I just hope to be accepted into God's kingdom.

I think we all do OP. Sometimes I freak out knowing there'll be a time when I'm lying in a coffin and rotting away

But what really freaks me 1000 times more is now knowing when that will be.

I work in emergency services and have seen young people die in freaky ways. The day they all died i bet they woke up expecting to live for decades more, if only they knew by sundown they would be on a slab in the morgue.

I dunno, fear death but appreciate life?

this

Your life is OK if this is whats worrying you

no why the fuck would i be afraid of death?
it's gonna be exactly like before i was born

I've been having panic attacks over it lately. But usually I just try to not think of it.

You won't be able to worry if you're fucking dead lad

You are a part of the universe, you will return to it.
If you believe in god it must be easier to accept, if you don't just look at the stars.

Never been afraid because everyone dies.

there is either two options. One your conscience is merely part of a greater dimension and upon death our experience in a lower dimension ends. Or you die and nothing happens, you no longer care because it would be like before you existed.

Knowing that every single one of bastards will be joining me in hell

Constantly, but not like that. I more or less always think about how im getting older and running out of time. Ill be 30 soon, which is 10 years from 40 where I might as well be on my death bed. The human body starts going downhill close to or after 30 anyway. So when it comes to thinking about where to dedicate my time, I feel like everything is often a waste because ill never have enough time in this short ass life.

Most people don't want to think about it thats why they fill their lives with things to distract them from accepting the inevitable.

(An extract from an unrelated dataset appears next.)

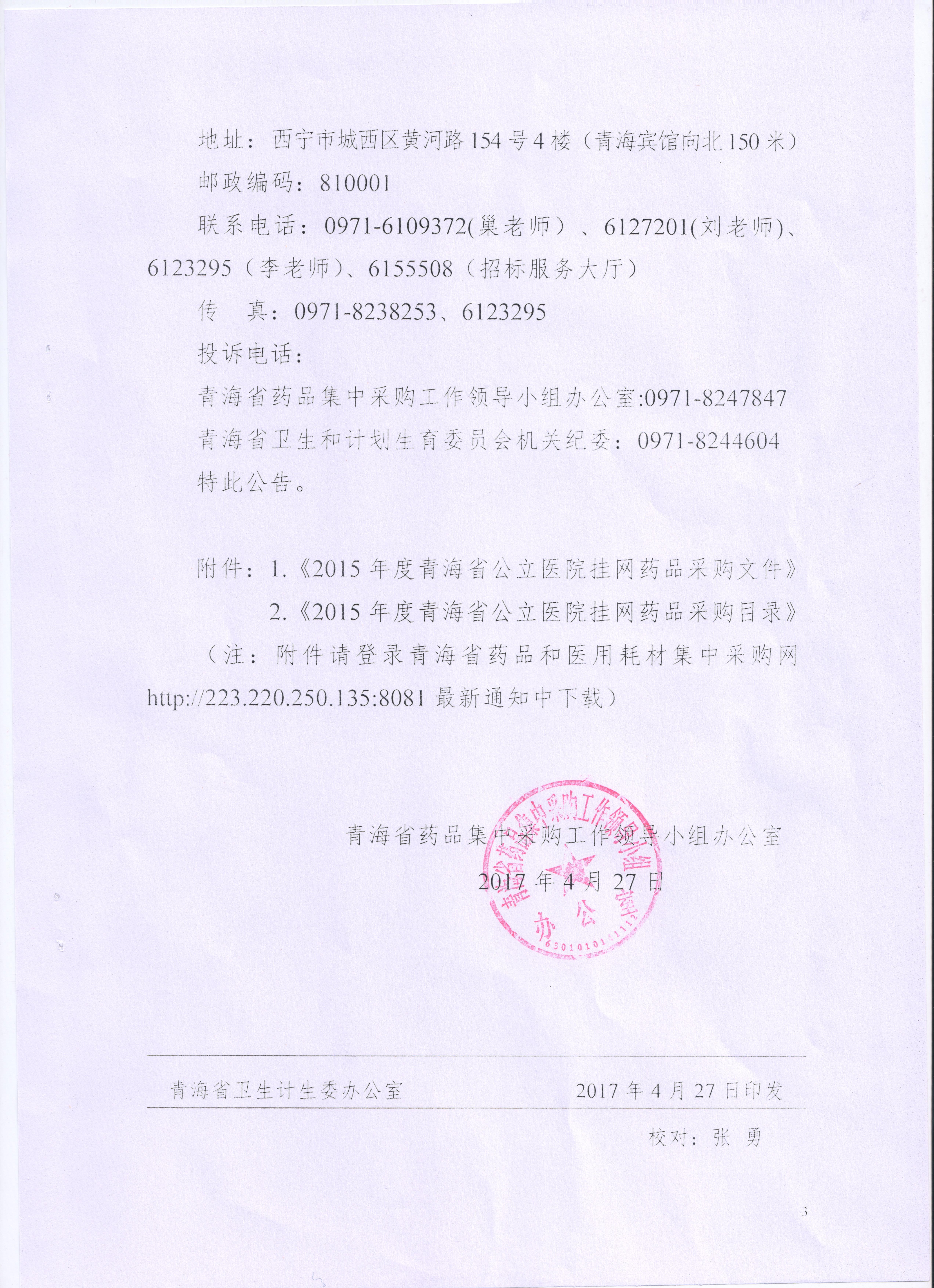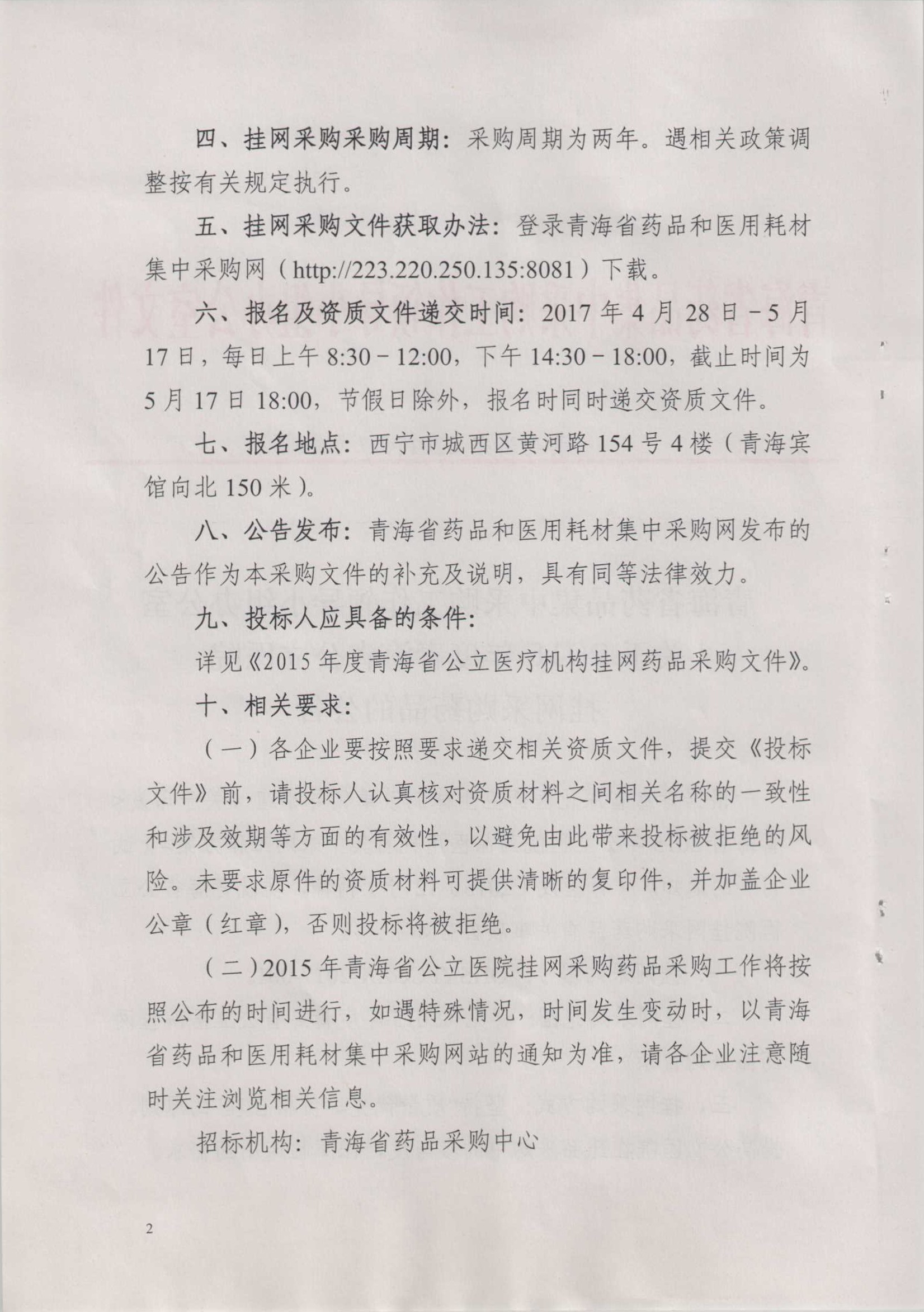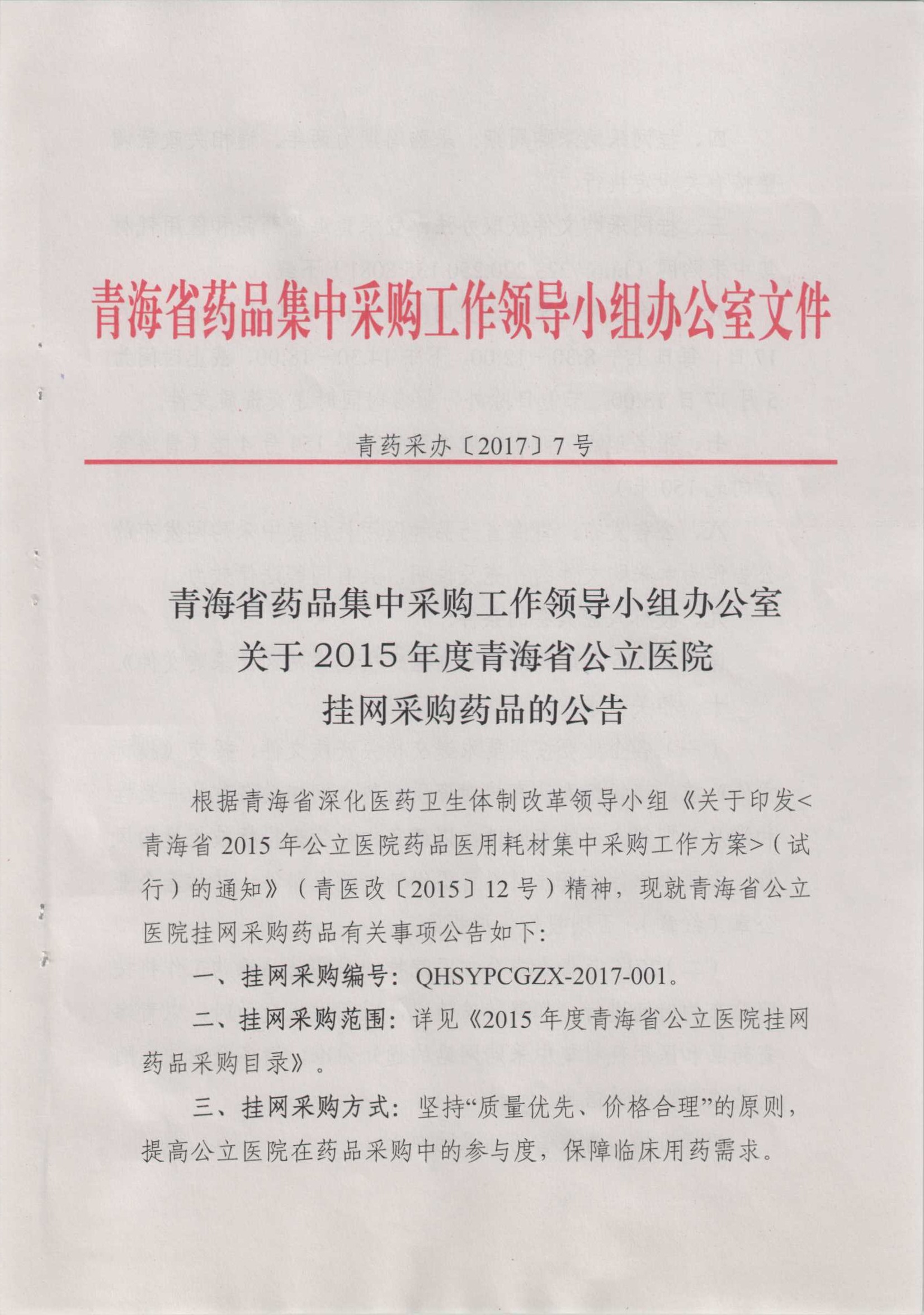 【青海】青海省药品集中采购工作领导小组办公室关于2015年度青海省公立医院挂网采购药品的公告

If it bothers you a lot you need to keep your mind active on something else. Or you can try to find what part of death scares you the most and address it. Life and death are one of the same, one comes with the other, death is just a part of life, they are not seperate.

It's the human condition, friendo. In any case I'd say this is true for most people, though noone likes to admit it. Just keep yourself busy with other things. Not like you can do anything about it, anyway.

This.

Take up a hobby or read some books.

not so fast, goy, we took care of that.

not really no. i occasionally try and fathom what its like to just up and not exist anymore or what its like at the moment of death. but really i just live every day to make me happy and we will just see what happens as my time grows closer.

One of two things happens. 'you' continue to exist in some form, consciousness, heaven, hell doesn't matter, point is death only marks the end of a chapter and not the end of the book.

That, or you die, everything ends completely, game over, you cease to exist. Of course if this happens, you will never know what it feels like, because you won't exist.

So, logically, (((you))) can only know existence and nothing else, because you will never know or experience non existence, so regardless of what happens when you die, you won't notice if it's really the end, so chill.

Said like a true French cuck

fpbp

So you are saying nothing matters and all your work and effort will give you the same as an aborted fetus?

Nope, I actually got over my social anxiety by convincing myself that ultimately nothing you or anyone does matters because we all eventually die and get forgotten.
So why be scared? Nothing matters !
Who cares if the whole class laughs at my joke or none does, nothing matters!
Should I ask out that chick? Yup, we all die and no one will know you in 100 years so why not

pretty much
just have fun while you're here

youtube.com/watch?v=qK1BJkBJdtY

If you try to have fun instead of contributing to the ruling class's fun, you will be given a lifetime of pain and suffering.

I dont even understand how can people believe in god. Always considered them weirdos. We had a religious teacher when i was in like grade 2 and she lasted a day before everyone mocked her and she ran out crying. The whole concept of afterlife makes no sense to me. Im skin and bone im just going to rot away and disolve into the earth. Maybe something happens like reincarnation. Science completely debunks that nonsense. Its just to weird for me.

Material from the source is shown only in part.